2. But God heard the groaning of the children of Britain, and God remembered His covenant with their forefathers, made when EUgypt was simply a common market.
3. Thus there arose two leaders among the children of Britain, whose names were Bosis and Cam-aaron.
Bosis and Cam-aaron play "spot the loony".
4. And Bosis spake, saying, let us leave EUgypt and go our own way. For Cripes! we want the right to obey our own Ten Commandments, rather than obeying the Ten Million Directives imposed by the Pharaoh, whose name is Juncker.
5. However, Camaaron disagreed, saying, I have spoken to the Pharaoh, and he hath promised us mighty concessions. Each day, between the second hour and five minutes after the second hour, our bondage will be lifted. Except when the day endeth in a Y.

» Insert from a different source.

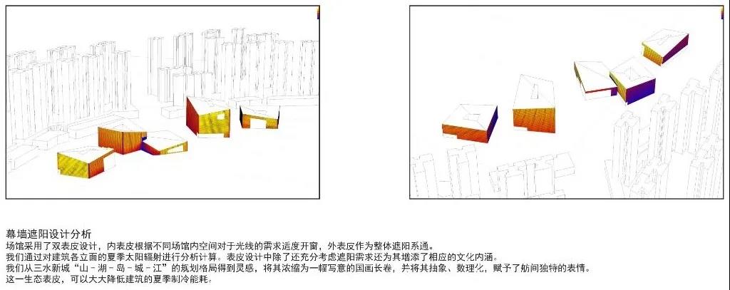 遮陽?????是通過?照模擬分析計算各個??的遮陽系數,另???將三?新城的規劃理念轉化為抽象的國畫?卷注???的參數化遮陽。最后沿?眾多?之有效的嶺南建筑語匯,以應對亞熱帶季??候所帶來的?溫、濕熱?候。

6. And the people mocked Camaaron, saying, thou hast achieved nothing, for lo! the Pharaoh's servants Merkel and Hollande stand outside our tents, ready to flood them with aliens, such as the people of the Refugites, the Migranites, and even the Terrorites of Isis. And not a single good plumber among them.
An army of Migranites seeking to invade.
7. And even Corbyn the Clown jeered at Camaaron, saying, what is wrong with slavery and bondage, anyway? I myself quite enjoy being bullied, humiliated, and laughed at, for that is why I became a party leader.

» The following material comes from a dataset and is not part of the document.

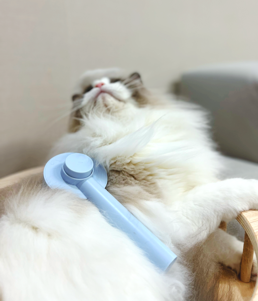 그래도 에토펫 뽀송 원터치 브러쉬덕분에 리가 예쁘고 빠르게 빗질을 완료했답니다:3
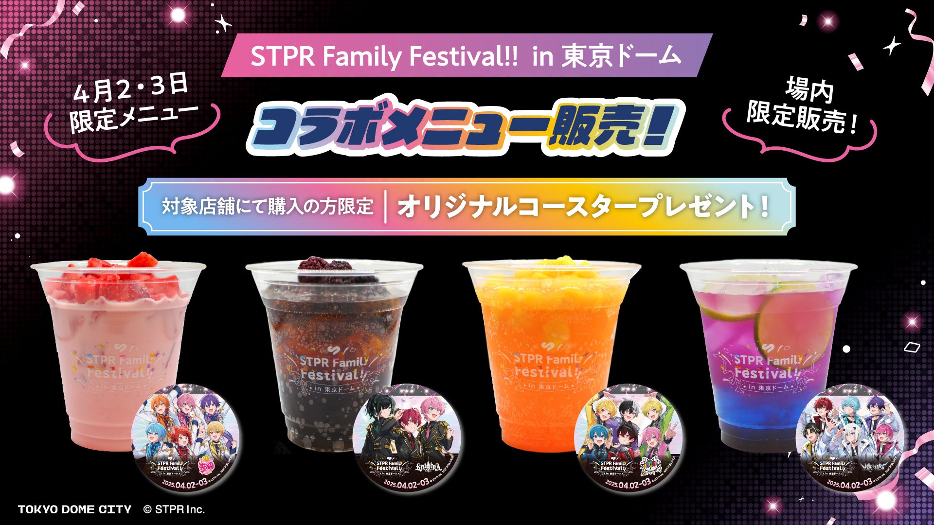 ②東京ドームシティの対象店舗にて『STPR Familyのグッズ』or『公演チケットをご提示』&1会計につき1,000円以上のご購入で、『STPR Family Festival!! in 東京ドーム オリジナルステッカー』をプレゼント!

8. Then God smote EUgypt with a series of plagues.
9. For there came a plague of Farogs, which went to the houses, and the bedchambers, and even the drinking-troughs, crying "Brexit! Brexit!"

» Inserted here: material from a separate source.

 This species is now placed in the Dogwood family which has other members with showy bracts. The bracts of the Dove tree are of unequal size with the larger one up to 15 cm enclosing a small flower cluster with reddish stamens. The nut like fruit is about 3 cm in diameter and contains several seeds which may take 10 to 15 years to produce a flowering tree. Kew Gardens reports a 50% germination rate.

A Farog cometh to the drinking-trough.
10. And Pharaoh came to Bosis, saying, Take away the Farogs, and I might even let thy people go.
11. But Camaaron spake, saying, I have obtained a wondrous deal, and I shall advise the people of Britain to stay in EUgypt, rather than go into the wilderness.
12. What's more, Bosis is a cad and a traitor unto me, and if we were still at Eton I would smite him behind the bike-sheds.